After Federation, in 1913 Cockatoo became the Commonwealth Dockyard, and the island, both through shipbuilding and servicing, played an important role both in the development of the Royal Australian Navy and during the First World War. The former prison buildings were now used for office purposes. From 1933 the dockyard was leased from the Australian Government by Cockatoo Docks and Engineering Co Ltd and the island played a very significant role during the Second World War. After the war, now known as Vickers, the dockyard continued, and submarine facilities were introduced. The dockyard closed in 1992, and there was some demolition. Sale of the island was proposed. The island is now vested in the Sydney Harbour Federation Trust.

The military guard room, with detached kitchen and toilet, was erected in 1842, and a cell block (later demolished) was completed three years later. The buildings were designed by the Commanding Royal Engineer, Colonel George Barney, who played a notable role in the colony. During the female institution phase, the guard room was used as a sewing room, then as a store and office. After the females' departure, the room became offices and accommodation for the resident engineer, before a new wing was added and the building reverted to prison purposes. After Commonwealth assumption of control, the room was used as a residence by the 1920s. After the Second World War the buildings' roofs were removed; stone was also cannibalised for use elsewhere on the island. In 1980 parts of the room were removed and the walls were topped with cement render.

The guard room and the other convict-era buildings form the only remaining imperial-funded (as opposed to colonial) convict public works complex in New South Wales and form one of the most complete groups of convict structures in Australia.

== Description ==
Military Guard Room is a part of the Prison Barracks Precinct, Cockatoo Island, Sydney Harbour.

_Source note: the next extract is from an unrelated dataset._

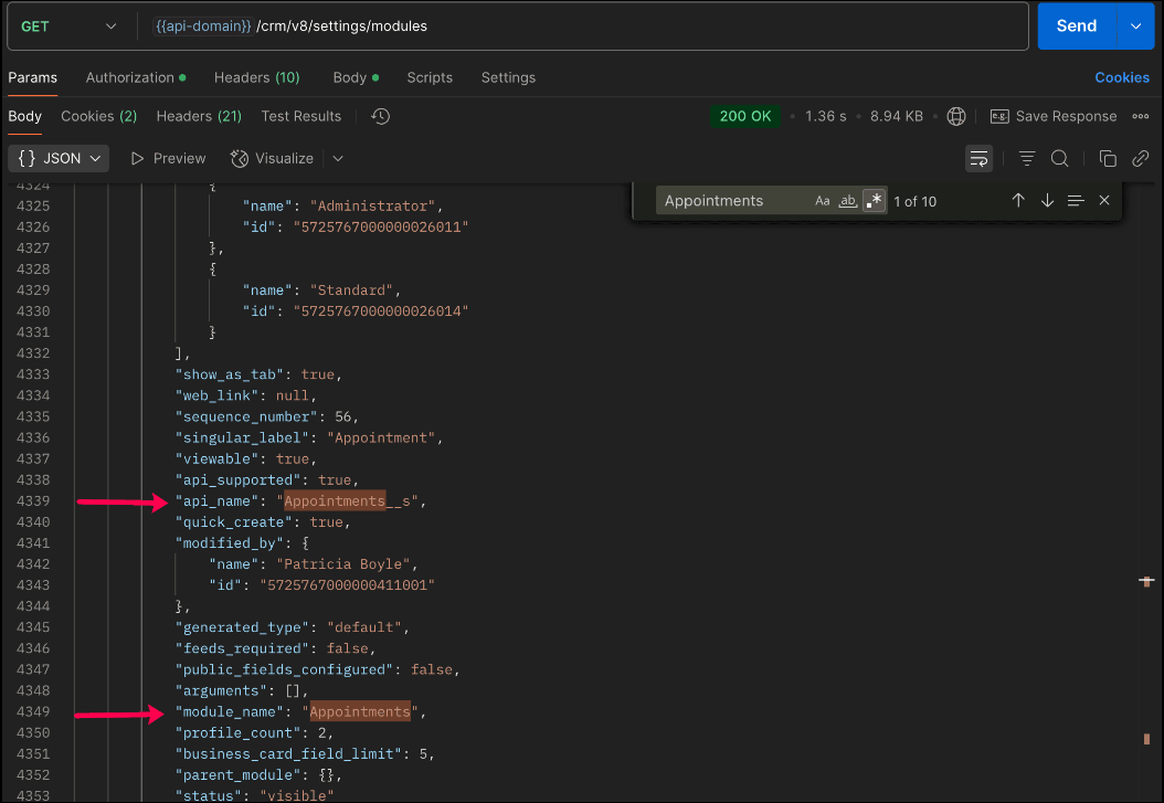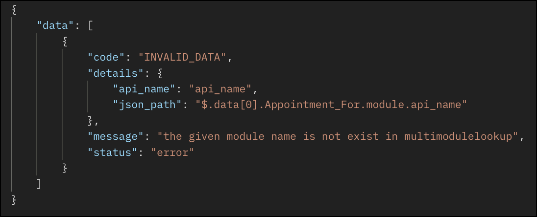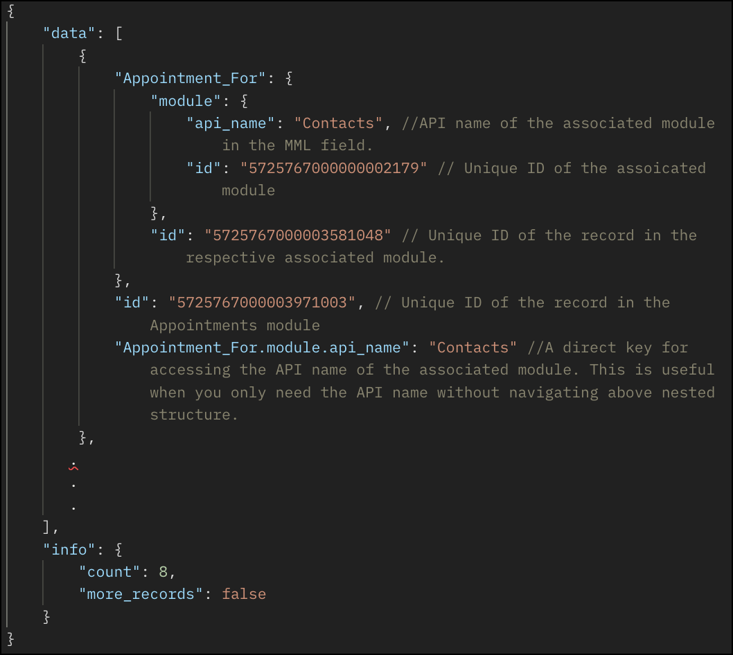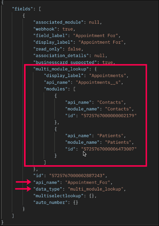 "multi_module_lookup": { "display_label": "Appointments", // Display label of the module where the MML field is used "api_name": "Appointments__s", // API name of the Appointments module "modules": [ //List of modules associated with the Appointments module. { "api_name": "Contacts", //API name of the associated module "module_name": "Contacts", // Display Name of the module "id": "5725767000000002179" //Unique ID of the module }, { "api_name": "Patients", //API name of the associated custom module "module_name": "Patients", //Display label of the module "id": "5725767000006473007" //Unique module ID } } ] }, |

The guard room is single storey, rectangular, and built of sandstone blocks, with a separate kitchen. The style is Old Colonial Georgian. Both buildings are roofless. Window and door openings are rectangular. The walls finish at the roof line with stone slab eaves. Inside, the guardroom features iron wall-rods which would have supported timber boards upon which rifles were laid. Underneath are iron hat-pegs. There is also a reconstructed stone chimney at the south-west end. The guard room and the kitchen have stone slab floors.

=== Condition ===

The 1997 Conservation Management Plan noted that the stonework was generally in good condition, while there was some corrosion to the ironwork. As at May 2001, both buildings were roofless and the walls had varying levels of intactness. There was some weed and other vegetation growth.

== Heritage listing ==
Military Guard Room was listed on the Australian Commonwealth Heritage List on 22 June 2004 having satisfied the following criteria.

Criterion A: Processes

The military guard room (and detached kitchen), completed in 1842, is historically highly significant for its association with early convict administration in the Australian colonies. It is also associated with the other phases of Cockatoo Island's history, as an industrial school for females and as a major shipyard.

Criterion B: Rarity

The building is the only remaining imperial convict public works complex in NSW, and is one of the most complete groups of convict structures in Australia. The building is a rare and important example of a guard house of the period, still exhibiting features directly related to its use.

Criterion D: Characteristic values

The building is part of a group of convict buildings which is the only remaining imperial convict public works complex in NSW, and is one of the most complete groups of convict structures in Australia. As such, the building is also a rare and important example of a guard house of the period, still exhibiting features directly related to its use.

Criterion H: Significant people

The building was designed by Colonel George Barney, who as Commanding Royal Engineer played a notable role in the colony.